__What is expected__.
Below are records. Copy every line with "water" in it.

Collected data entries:
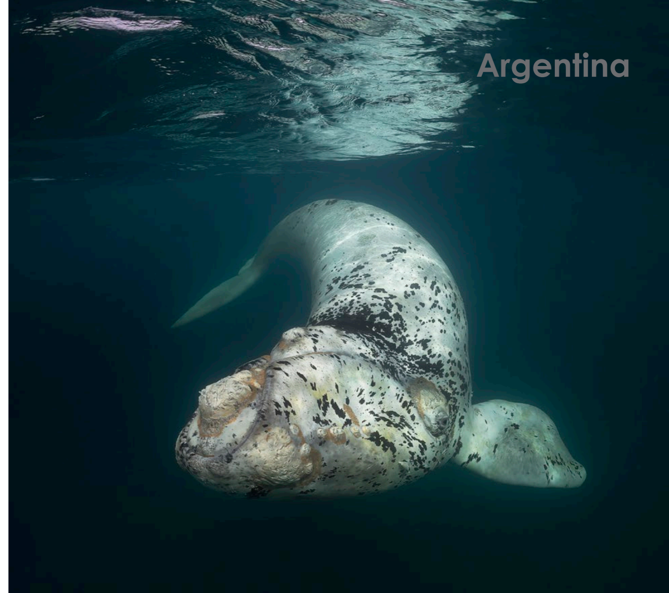
View of Peninsula Valdés in Argentina (above); A rare white southern right whale calf, nicknamed “El Blanco” (top right); Breaching southern right whale at sunset (bottom right); Curious southern right whale calf, with its mother below (previous page)

To be in the water with a southern right whale is a life-changing experience. Don Silcock shares his adventure in Argentina to photograph these majestic marine mammals, where he was lucky enough to see a rare white calf.
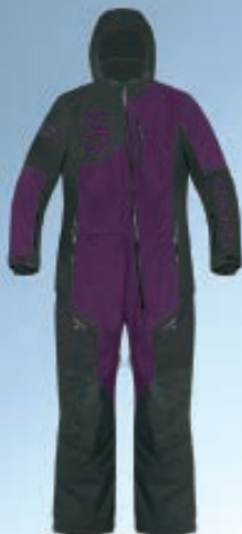
183724 3DK Plum - XS to 2XL
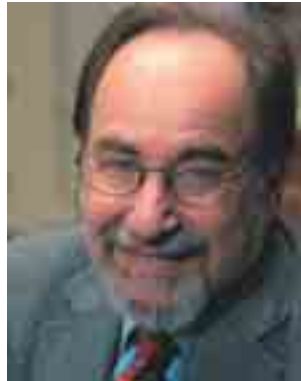
Professor David Baltimore

Member of Life Science and Medicine Committee
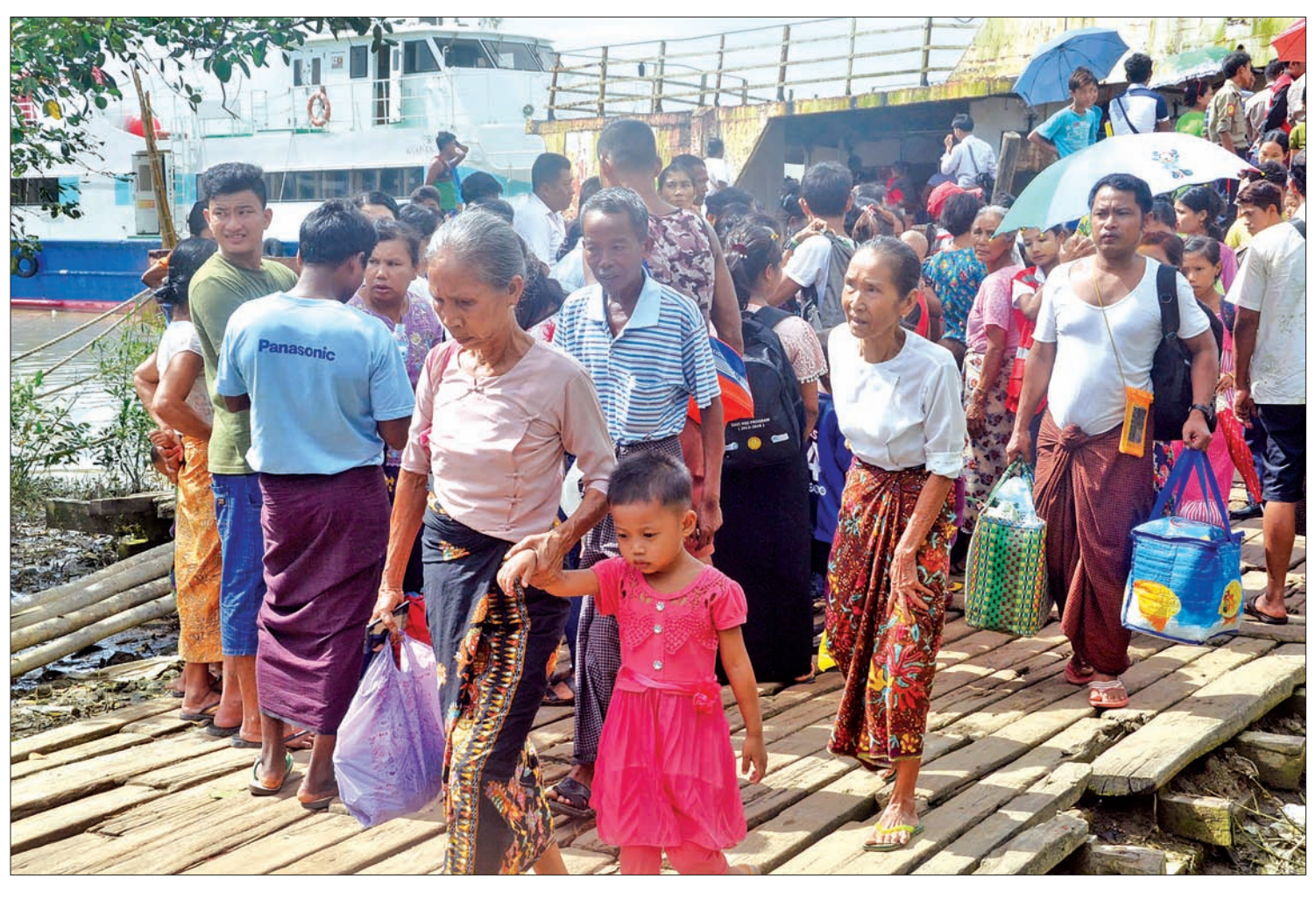
Villagers from northern Rakhine State fled to Sittway above, and Bangladesh border to escape the ongoing terrorist attacks.
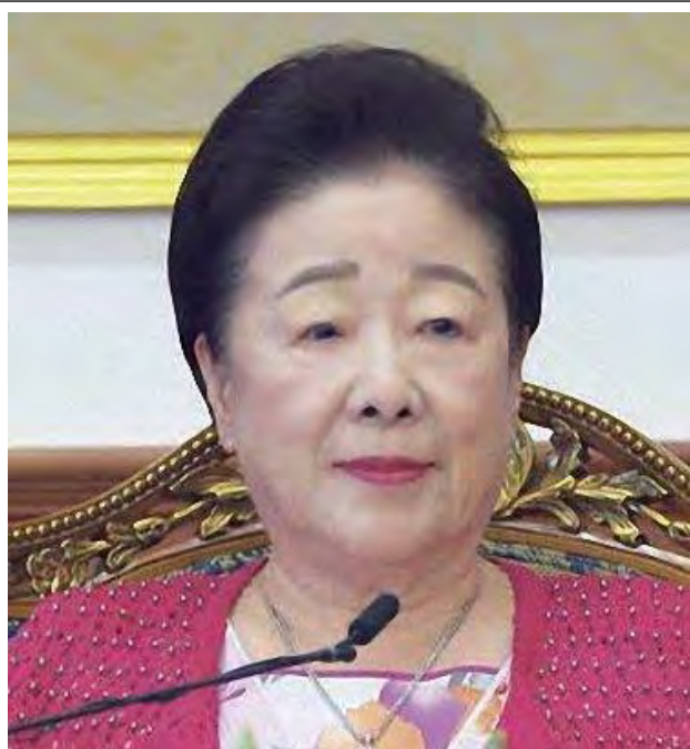
Mother Moon in Gapyeong, South Korea 1st Sep. 2023

hosted by the True Parents of Heaven, Earth and Humankind on 1st September last year.
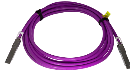
1:1 Direct LP CLOS AEC
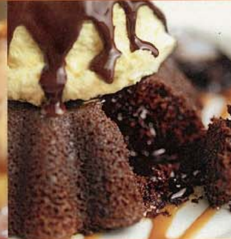
Molten Chocolate Cake
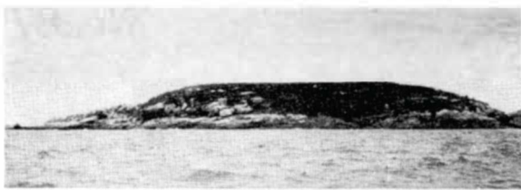
• Rabbit Rock (looking south)
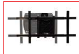
10.75" of horizontal adjustment
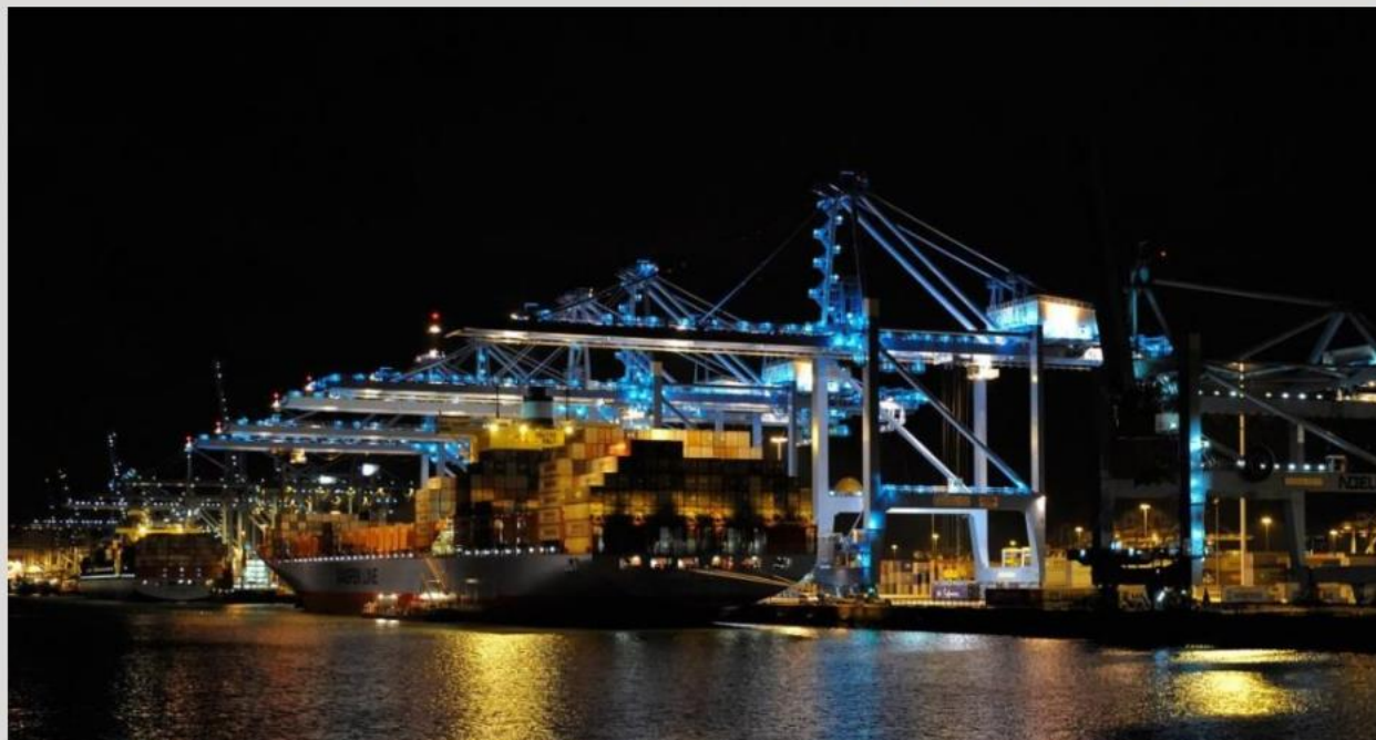
AMP-T Maasvlakte 2 Rotterdam, Netherlands
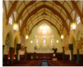
SCOTS CHURCH SOHE 2008
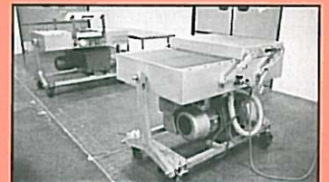
Koch Packaging Systems Mdl. 2000B Ultravac and AG800 Multivac Vacuum Sealers

PLUS!!! AT&T Merlin Plus Phone System, w/(9) handsets; Sullair Mdl. 6E Compressor, w/tank; Skyline Portable Trade Show Display.
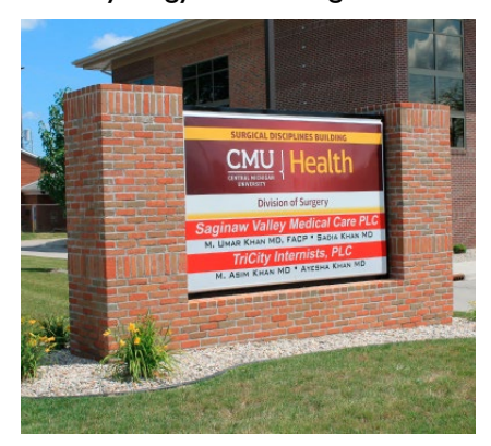
The CMU Medical Education Partners is located at 912 S. Washington Ave. in the City of Saginaw.

The Michigan Strategic Fund recently approved the transfer of the Redevelopment Renaissance Zone designation from Midwestern Surgical Associates, P.C. to the Central Michigan University (CMU) Medical Education Partners, which operates as the surgical department for the new CMU College of Medicine. The Education Partners, with 37 employees, is located at 912 S. Washington Ave., which is a 22,000 sq. ft. facility in the City of Saginaw. The transfer is effective for the remainder of the term ending December 30, 2020.
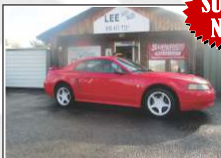
2002 FORD MUSTANG
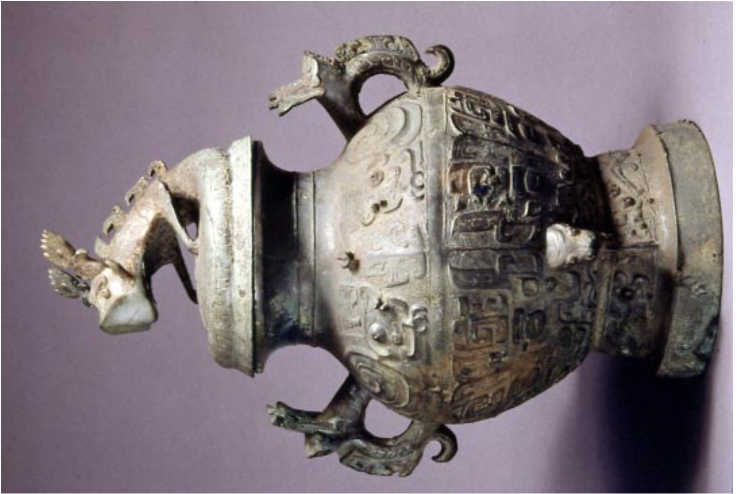
Lei , Bronze, Height 50 cm, diameter of mouth 17.4 cm, Late eleventh or early tenth century BC. Excavated in 1959 at Pengzhou Zhuwajie, Sichuan Provincial Museum 83438
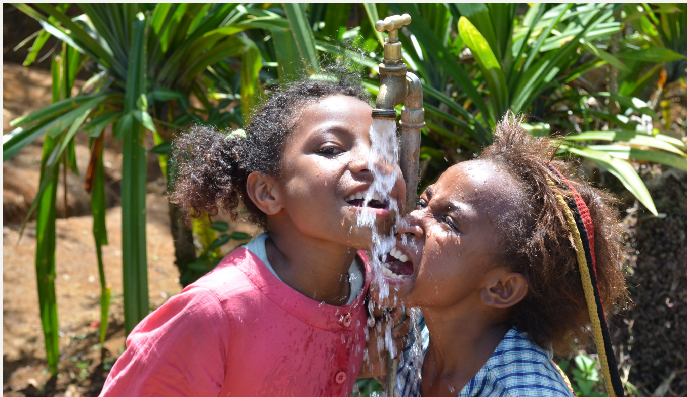
Children drink fresh water from a nearby water source, October 2010, Papua New Guinea.

__Answer to the exercise__.
To be in the water with a southern right whale is a life-changing experience. Don Silcock shares his adventure in Argentina to photograph these majestic marine mammals, where he was lucky enough to see a rare white calf.
Children drink fresh water from a nearby water source, October 2010, Papua New Guinea.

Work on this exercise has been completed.